The benchmark uses a rubric-based grading approach. Each response is evaluated against criteria written by domain experts for that specific question, with weighted point values based on importance. A model-based grader checks whether each criterion is met, and the final score represents the sum of points achieved out of the total possible.

Current Performance Reveals Room for Growth

OpenAI’s latest results show significant improvement over time, but substantial gaps remain. GPT-5 Thinking High, the top performer, achieved just 34.9% on the benchmark. Gemini 2.5 Pro Thinking scored 34.3%, while earlier models like GPT-4 Turbo managed only 12.1%.

Performance varied significantly across languages, with Hindi showing stronger results than Telugu or Bengali. Similarly, domains like History and Arts & Culture saw better performance than Law & Ethics or Architecture & Design.

OpenAI has acknowledged important caveats: because questions differ across languages, IndQA shouldn’t be interpreted as a language leaderboard. Additionally, the adversarial filtering against OpenAI’s own models could potentially disadvantage them compared to non-OpenAI models in relative performance comparisons.

Strategic Implications for India’s AI Landscape

Doubling Down on the Second-Largest Market

OpenAI’s investment in IndQA signals its commitment to India, which represents ChatGPT’s second-largest market globally. OpenAI has already made its Go plan free in India, and is setting up an office in the country. With approximately one billion Indians who don’t use English as their primary language and 22 official languages—including at least seven with over 50 million speakers—the market opportunity is substantial. This benchmark development represents a strategic bet on deepening engagement with Indian users and improving product-market fit in a critical geography.

Challenge to Sarvam and India’s Indigenous AI Ambitions

The launch of IndQA puts OpenAI in direct competition with Sarvam AI, the Indian startup backed by the government that’s building India-specific language models. While Sarvam has positioned itself as understanding the nuances of Indian languages and contexts better than foreign competitors, OpenAI’s comprehensive benchmark—built with 261 Indian experts—could undermine that positioning.

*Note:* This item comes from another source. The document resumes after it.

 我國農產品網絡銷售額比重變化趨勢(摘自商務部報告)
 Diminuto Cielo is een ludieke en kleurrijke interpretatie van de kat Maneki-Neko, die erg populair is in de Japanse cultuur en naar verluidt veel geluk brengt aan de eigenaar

For Sarvam and other Indian AI companies, this raises the stakes considerably. If OpenAI establishes IndQA as the standard for evaluating Indic language capabilities, it effectively controls the metrics by which success is measured in this domain. This could make it harder for Indian startups to differentiate themselves, even if their models perform well on locally-developed benchmarks.

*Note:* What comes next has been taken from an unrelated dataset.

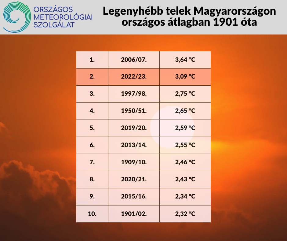 A tíz legenyhébb tél Magyarországon országos átlagban 1901 óta
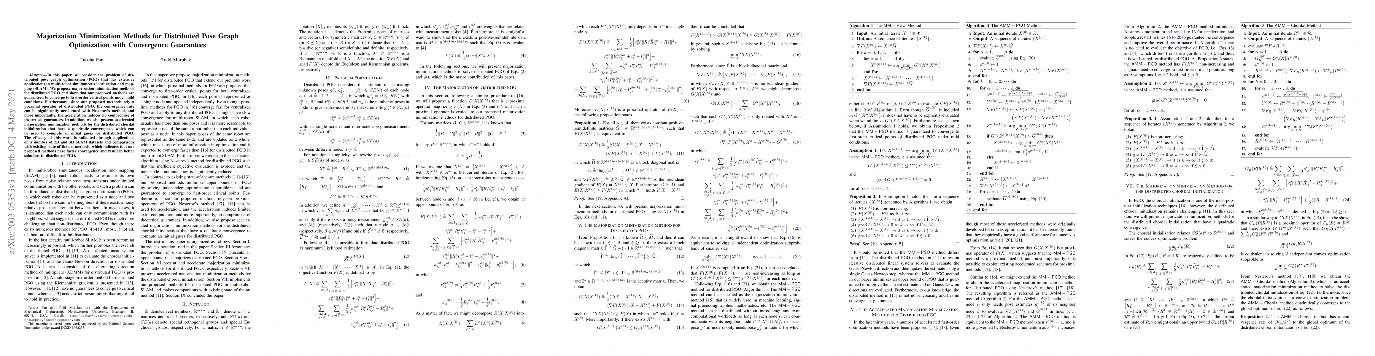 This paper proposes majorization minimization methods for distributed pose graph optimization (PGO) in multi-robot SLAM, ensuring convergence to first-order critical points. The methods also incorporate Nesterov's acceleration without compromising theoretical guarantees, and achieve quadratic convergence for distributed chordal initialization.

The Problem of Expert Bias and Foreign Ownership

While OpenAI’s reliance on Indian domain experts lends credibility to IndQA, it also introduces potential concerns about bias and representation. The selection of 261 experts, regardless of how diverse, represents a curated perspective on what matters in Indian culture and languages. Questions about foreign control of India’s narratives — always a touchy issue in India — remain relevant.

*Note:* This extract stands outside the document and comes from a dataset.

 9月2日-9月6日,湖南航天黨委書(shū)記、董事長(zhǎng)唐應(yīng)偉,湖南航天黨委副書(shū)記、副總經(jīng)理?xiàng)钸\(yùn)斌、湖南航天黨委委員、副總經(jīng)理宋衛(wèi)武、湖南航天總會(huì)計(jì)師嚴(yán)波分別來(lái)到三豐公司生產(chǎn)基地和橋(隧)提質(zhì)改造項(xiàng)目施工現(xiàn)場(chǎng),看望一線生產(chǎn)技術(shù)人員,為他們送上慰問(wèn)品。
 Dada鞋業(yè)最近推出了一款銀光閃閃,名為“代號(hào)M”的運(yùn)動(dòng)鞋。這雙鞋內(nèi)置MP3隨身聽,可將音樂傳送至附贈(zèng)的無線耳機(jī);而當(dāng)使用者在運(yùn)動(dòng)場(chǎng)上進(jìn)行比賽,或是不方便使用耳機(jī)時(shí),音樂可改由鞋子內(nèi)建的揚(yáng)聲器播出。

More fundamentally, having a US-based company create what could become the de facto standard for evaluating AI performance on Indian languages raises questions about technological sovereignty. An Indian institution or consortium creating an Indic benchmark that achieved widespread adoption would have offered several advantages: greater legitimacy in representing diverse Indian perspectives, alignment with national interests in AI development, and the ability to iterate based on local feedback and priorities.

What’s Next

OpenAI has indicated that while India was the obvious starting point given its scale and linguistic diversity, the company plans to create similar benchmarks for other languages and regions. The release of IndQA is intended to inform and inspire new benchmark creation from the research community, particularly for languages and cultural domains poorly covered by existing evaluations.

For India’s AI ecosystem, the key question is whether local players will rise to the challenge—not just by performing well on IndQA, but by creating alternative benchmarks that better represent Indian priorities and perspectives in the global AI conversation.